**WHAT NEEDS TO BE DONE**.
Keep every word the same. Repeat the records without their images.

**ENTRIES SUPPLIED**.
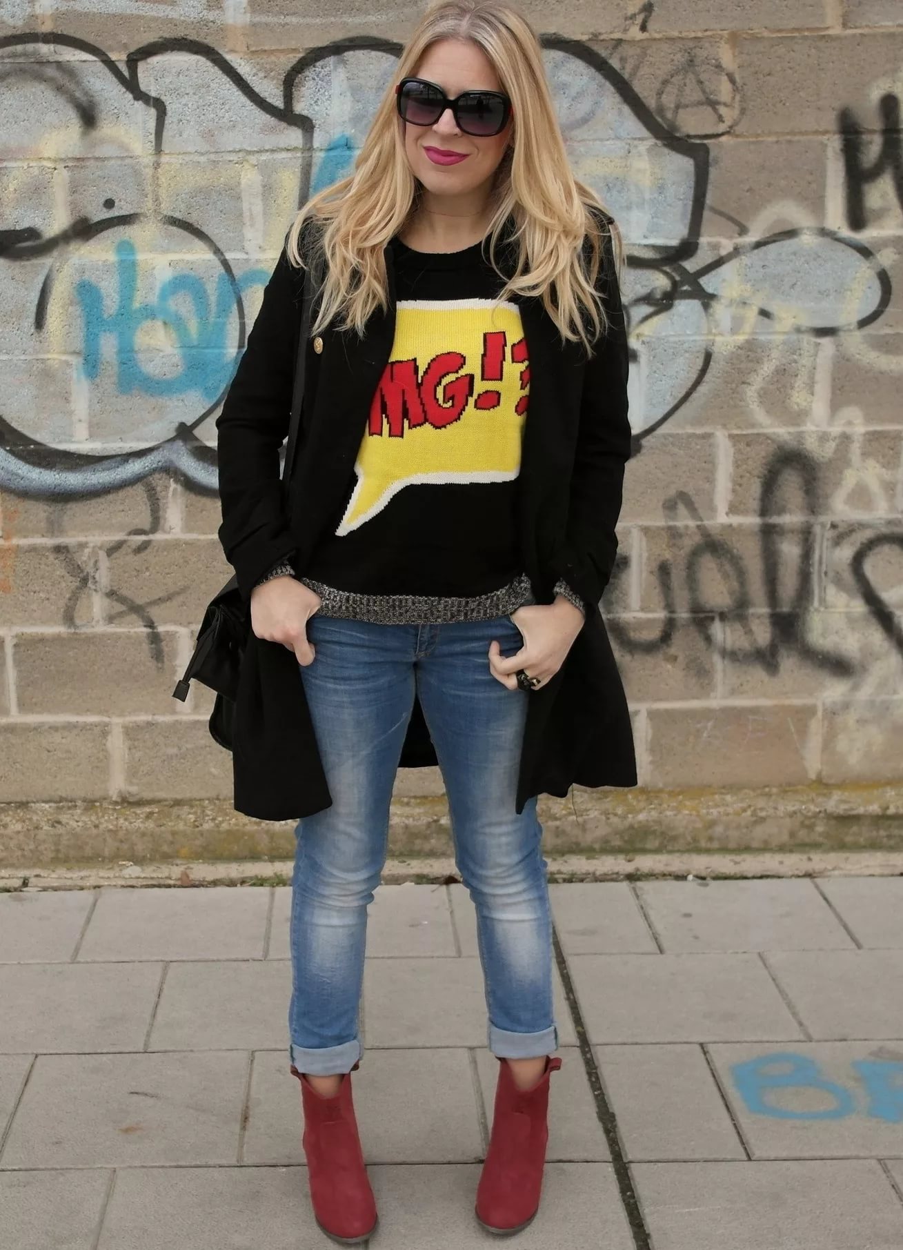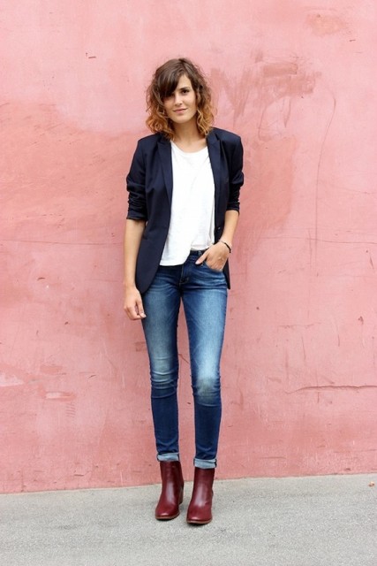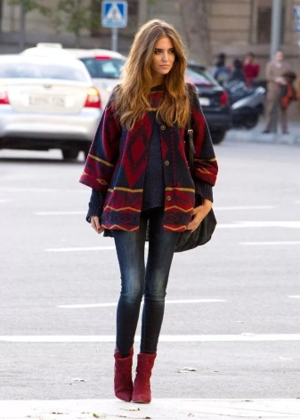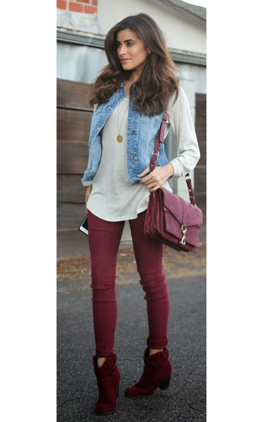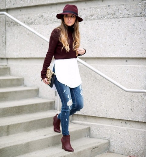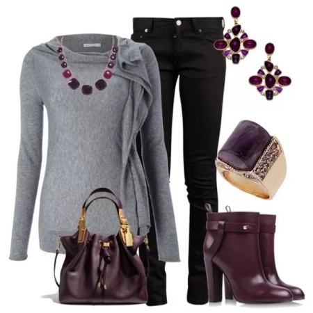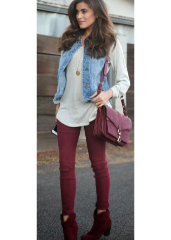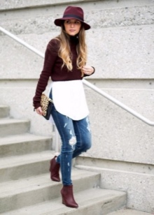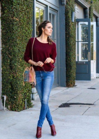 An image with burgundy ankle boots will look very stylish if you use two colors close to each other in clothes (for example, gray and white, sand and orange), and the color of your shoes is supported by wine shades with accessories.
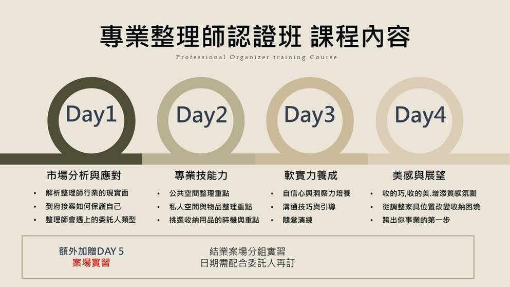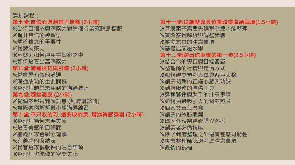 課程內容以「成為能獨立接案、有自己品牌的整理師」為主軸,
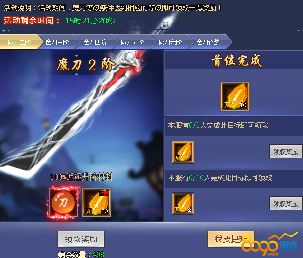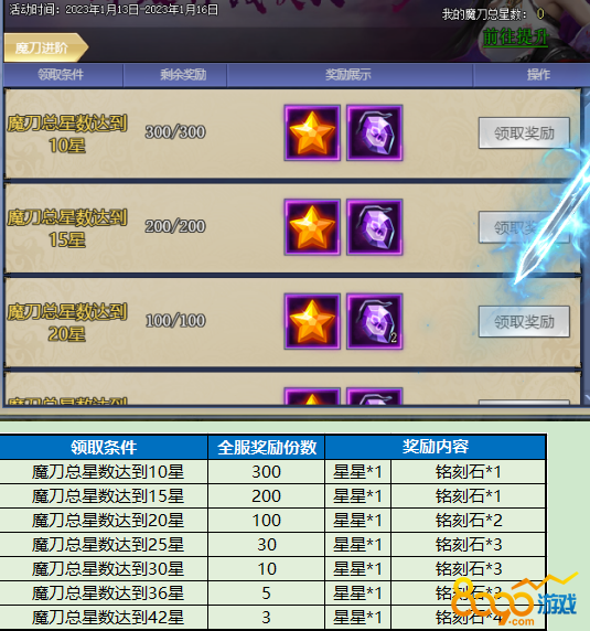 活动说明:魔刀达到指定星数的玩家可领取对应奖励,数量有限先到先得!
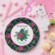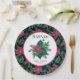 Plato De Papel Floral Rosa Caliente sobre Negro
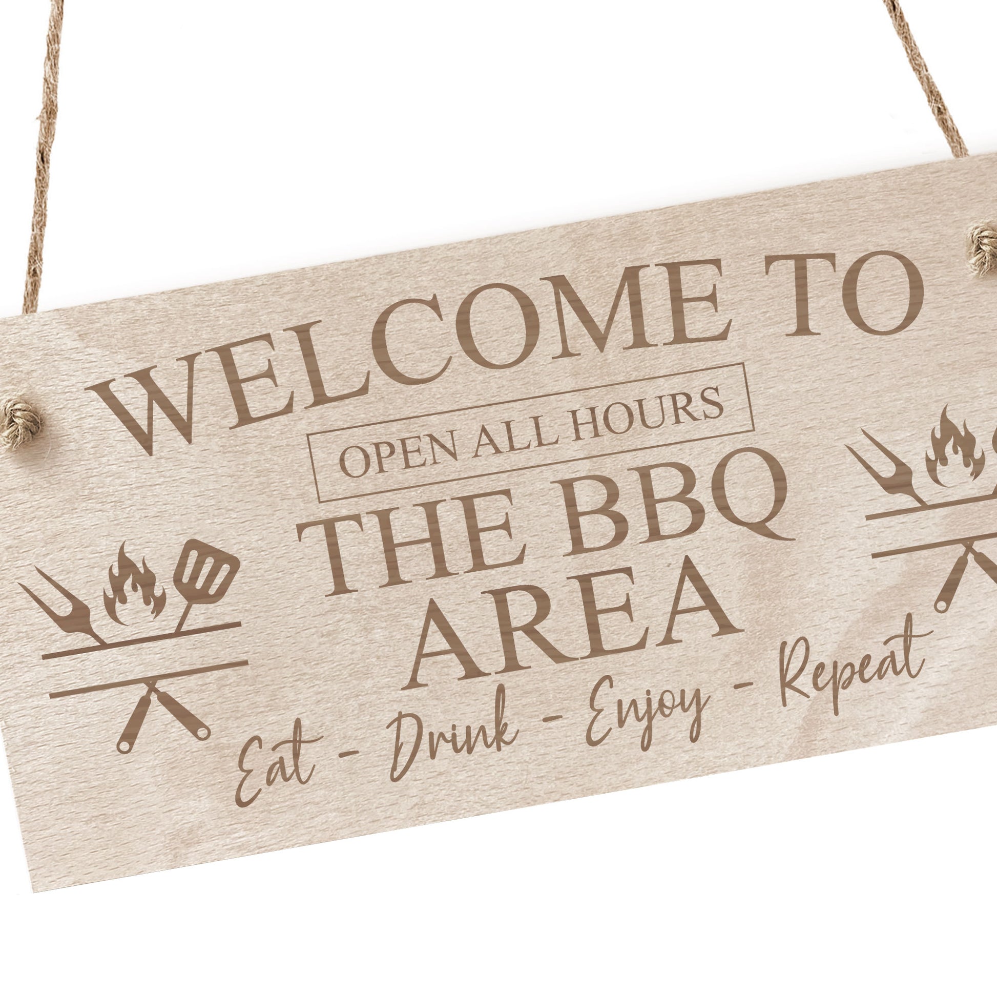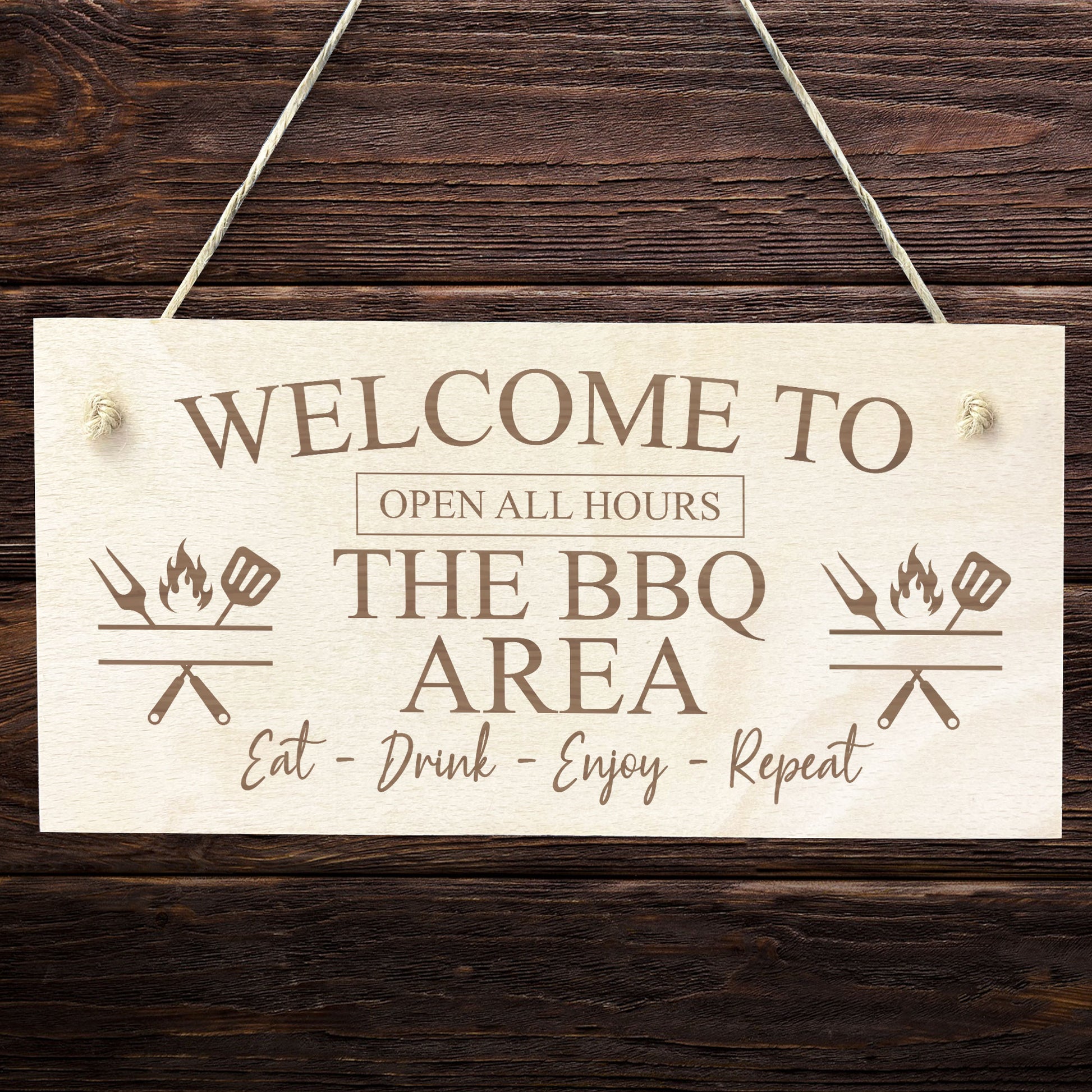 THE BBQ AREA Engraved Hanging Garden Shed Sign BBQ Sign
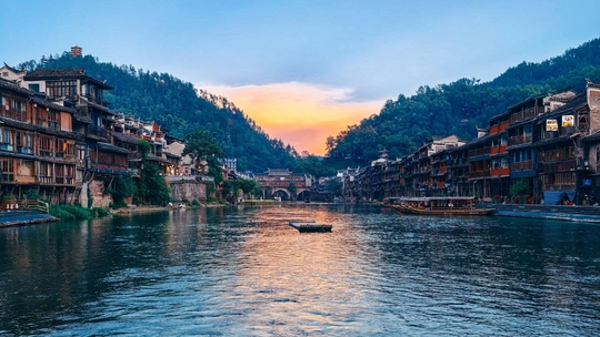 沱江淌着《边城》的余韵,吊脚楼是翠翠望过的轮廓。暮色给虹桥披金,游船划过的涟漪,像傩送当年的歌声泛起的波。古城的每寸光影,都在续写从文先生未说完的故事,这一帧,是岁月对边城的温柔回响 。
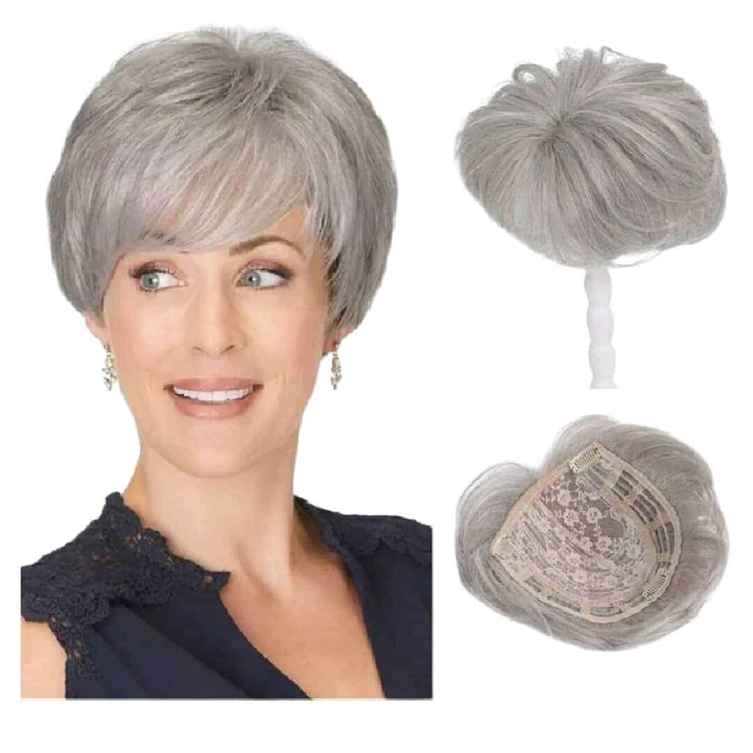 Γυναικείο Topper Τουπέ κορυφής μαλλιών με κλιπ μεγάλης επιφάνειας – Grey -Γκρι 6 inches

**THE COMPLETED TASK**.
 An image with burgundy ankle boots will look very stylish if you use two colors close to each other in clothes (for example, gray and white, sand and orange), and the color of your shoes is supported by wine shades with accessories.
 課程內容以「成為能獨立接案、有自己品牌的整理師」為主軸,
 活动说明:魔刀达到指定星数的玩家可领取对应奖励,数量有限先到先得!
 Plato De Papel Floral Rosa Caliente sobre Negro
 THE BBQ AREA Engraved Hanging Garden Shed Sign BBQ Sign
 沱江淌着《边城》的余韵,吊脚楼是翠翠望过的轮廓。暮色给虹桥披金,游船划过的涟漪,像傩送当年的歌声泛起的波。古城的每寸光影,都在续写从文先生未说完的故事,这一帧,是岁月对边城的温柔回响 。
 Γυναικείο Topper Τουπέ κορυφής μαλλιών με κλιπ μεγάλης επιφάνειας – Grey -Γκρι 6 inches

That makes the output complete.